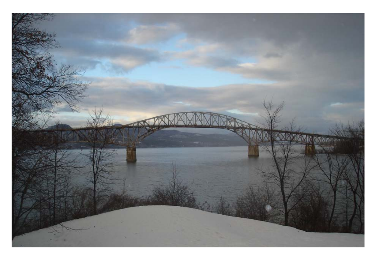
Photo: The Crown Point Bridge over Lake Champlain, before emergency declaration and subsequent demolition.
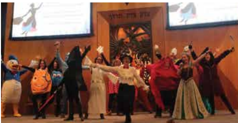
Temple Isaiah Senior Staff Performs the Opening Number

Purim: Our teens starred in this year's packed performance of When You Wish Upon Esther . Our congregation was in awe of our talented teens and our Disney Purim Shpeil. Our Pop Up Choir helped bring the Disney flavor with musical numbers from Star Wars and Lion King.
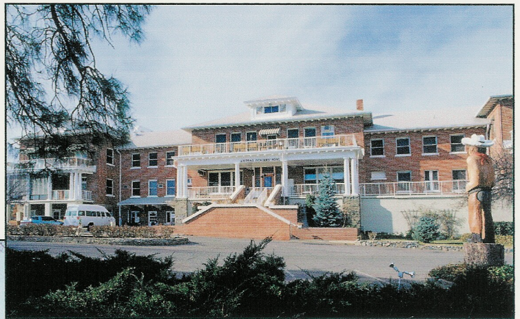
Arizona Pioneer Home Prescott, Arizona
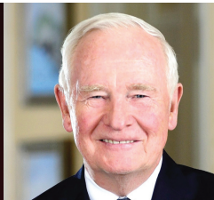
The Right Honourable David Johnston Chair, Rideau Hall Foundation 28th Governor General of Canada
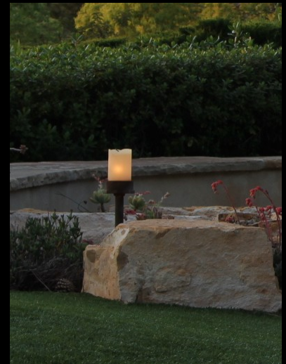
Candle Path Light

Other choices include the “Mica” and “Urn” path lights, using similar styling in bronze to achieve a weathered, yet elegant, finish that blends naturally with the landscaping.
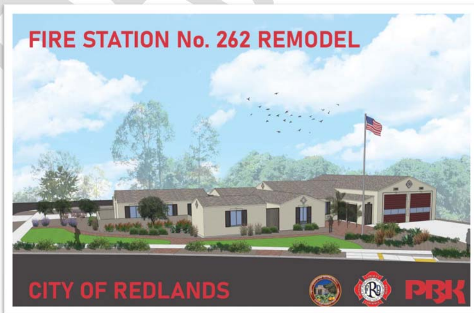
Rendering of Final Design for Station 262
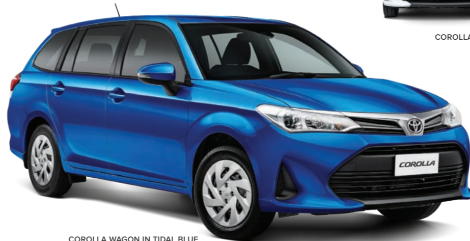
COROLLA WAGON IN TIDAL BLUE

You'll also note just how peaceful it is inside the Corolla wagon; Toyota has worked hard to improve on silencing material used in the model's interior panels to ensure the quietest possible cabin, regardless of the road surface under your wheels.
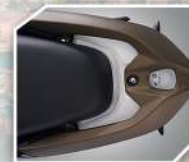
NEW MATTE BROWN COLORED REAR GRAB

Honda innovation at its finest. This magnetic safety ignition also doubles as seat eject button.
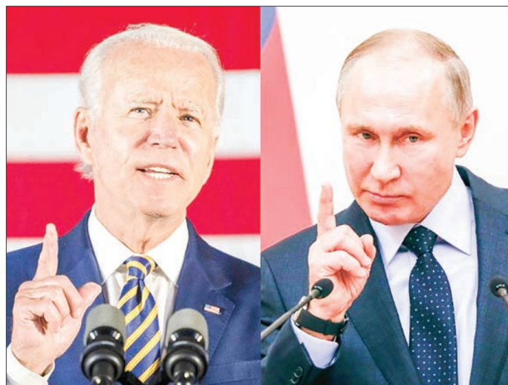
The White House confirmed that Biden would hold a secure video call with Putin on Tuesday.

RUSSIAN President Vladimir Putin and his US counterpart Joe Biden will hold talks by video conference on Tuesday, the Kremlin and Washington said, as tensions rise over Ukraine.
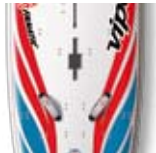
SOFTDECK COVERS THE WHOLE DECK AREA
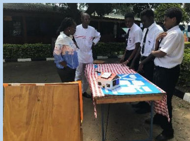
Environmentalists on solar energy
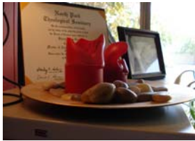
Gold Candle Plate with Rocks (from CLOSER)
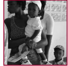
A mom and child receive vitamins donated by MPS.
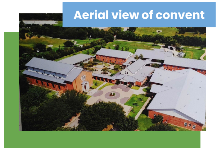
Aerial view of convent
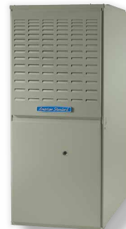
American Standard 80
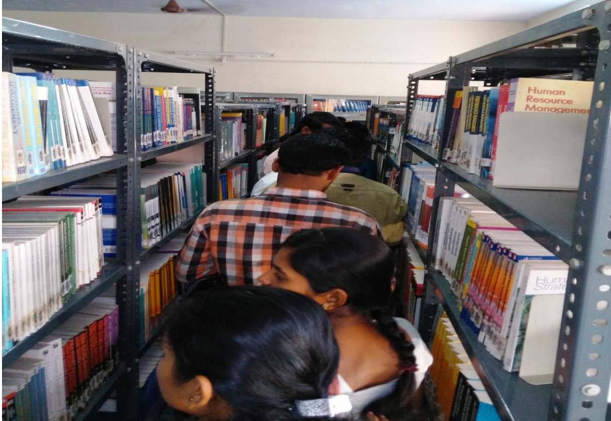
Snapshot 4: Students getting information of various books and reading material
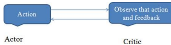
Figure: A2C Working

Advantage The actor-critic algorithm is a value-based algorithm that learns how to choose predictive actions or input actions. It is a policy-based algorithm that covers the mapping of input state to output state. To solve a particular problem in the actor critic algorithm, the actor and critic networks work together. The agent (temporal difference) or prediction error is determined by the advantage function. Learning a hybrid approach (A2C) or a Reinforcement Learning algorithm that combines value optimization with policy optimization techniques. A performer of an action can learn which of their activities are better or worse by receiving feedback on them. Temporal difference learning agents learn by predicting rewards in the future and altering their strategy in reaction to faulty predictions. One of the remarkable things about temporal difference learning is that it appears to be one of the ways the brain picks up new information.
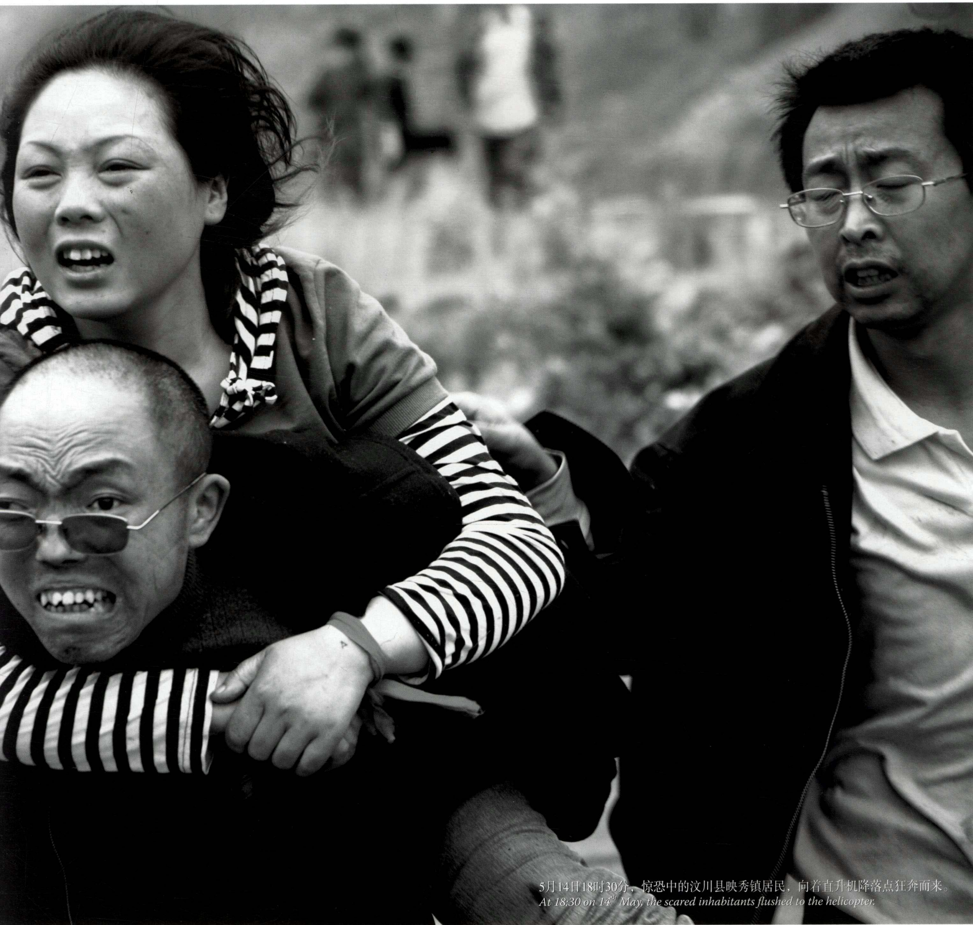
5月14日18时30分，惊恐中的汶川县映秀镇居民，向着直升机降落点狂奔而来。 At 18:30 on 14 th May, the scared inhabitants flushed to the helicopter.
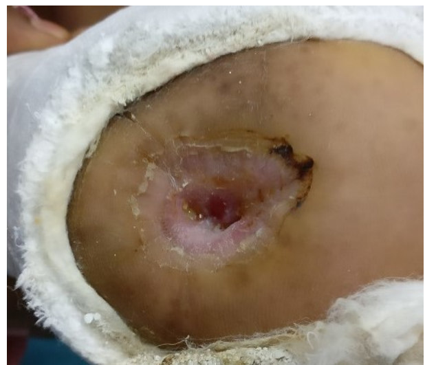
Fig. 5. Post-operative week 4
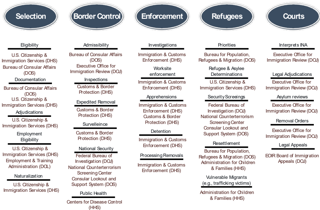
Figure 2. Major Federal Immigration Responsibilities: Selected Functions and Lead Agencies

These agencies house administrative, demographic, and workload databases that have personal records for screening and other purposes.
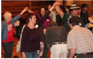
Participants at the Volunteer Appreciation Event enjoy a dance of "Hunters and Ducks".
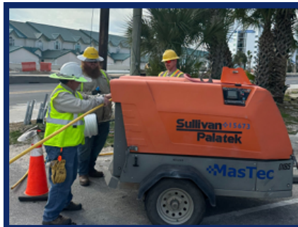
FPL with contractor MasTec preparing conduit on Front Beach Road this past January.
---
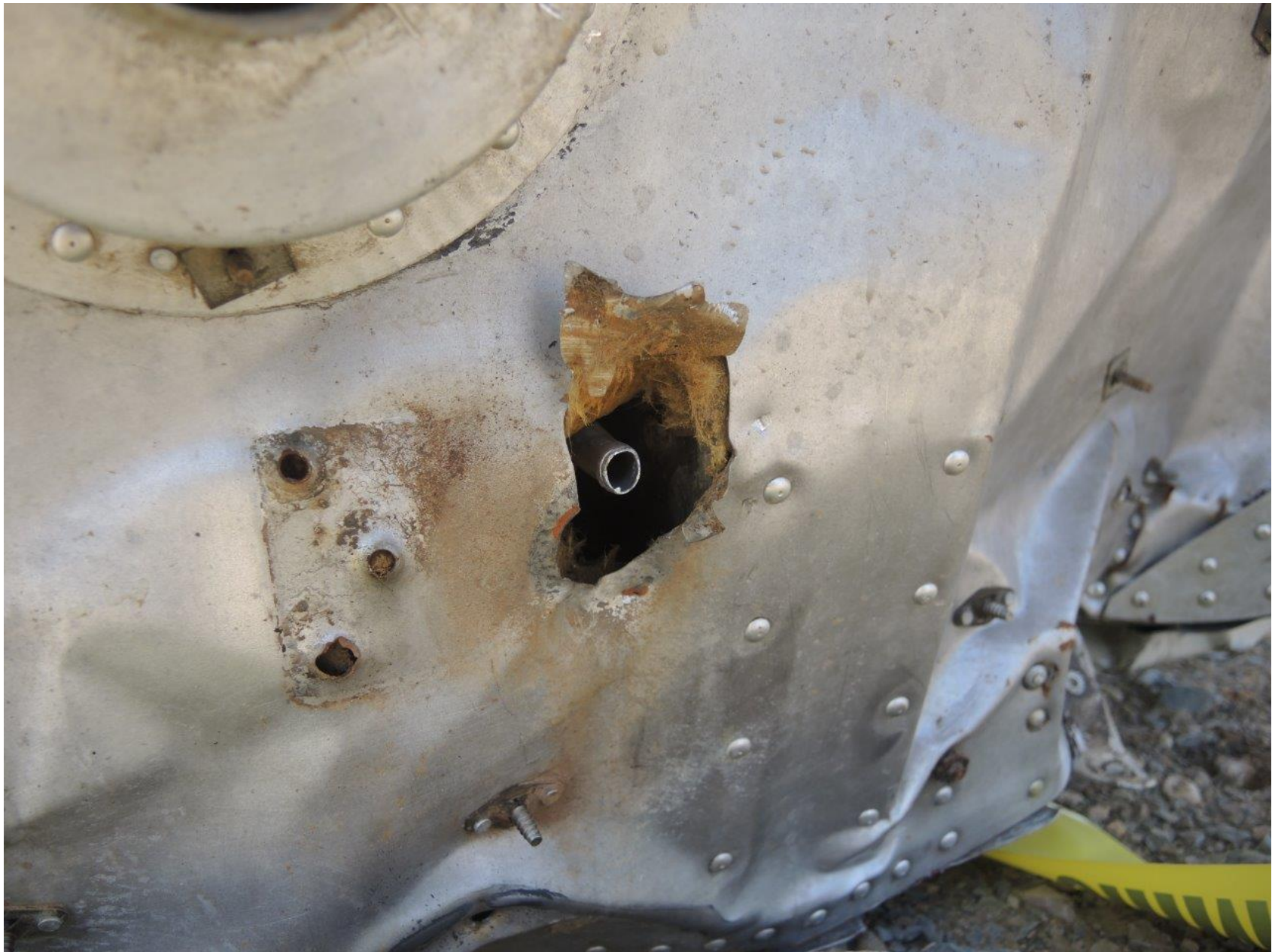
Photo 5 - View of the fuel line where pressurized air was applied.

Problem to work on: Leave out every picture, and copy exactly the lines above starting at the one holding "Temple Isaiah Senior" and ending at the one holding "Figure: A2C Working", no more and no less.

Reply:
Temple Isaiah Senior Staff Performs the Opening Number

Purim: Our teens starred in this year's packed performance of When You Wish Upon Esther . Our congregation was in awe of our talented teens and our Disney Purim Shpeil. Our Pop Up Choir helped bring the Disney flavor with musical numbers from Star Wars and Lion King.
Arizona Pioneer Home Prescott, Arizona
The Right Honourable David Johnston Chair, Rideau Hall Foundation 28th Governor General of Canada
Candle Path Light

Other choices include the “Mica” and “Urn” path lights, using similar styling in bronze to achieve a weathered, yet elegant, finish that blends naturally with the landscaping.
Rendering of Final Design for Station 262
COROLLA WAGON IN TIDAL BLUE

You'll also note just how peaceful it is inside the Corolla wagon; Toyota has worked hard to improve on silencing material used in the model's interior panels to ensure the quietest possible cabin, regardless of the road surface under your wheels.
NEW MATTE BROWN COLORED REAR GRAB

Honda innovation at its finest. This magnetic safety ignition also doubles as seat eject button.
The White House confirmed that Biden would hold a secure video call with Putin on Tuesday.

RUSSIAN President Vladimir Putin and his US counterpart Joe Biden will hold talks by video conference on Tuesday, the Kremlin and Washington said, as tensions rise over Ukraine.
SOFTDECK COVERS THE WHOLE DECK AREA
Environmentalists on solar energy
Gold Candle Plate with Rocks (from CLOSER)
A mom and child receive vitamins donated by MPS.
Aerial view of convent
American Standard 80
Snapshot 4: Students getting information of various books and reading material
Figure: A2C Working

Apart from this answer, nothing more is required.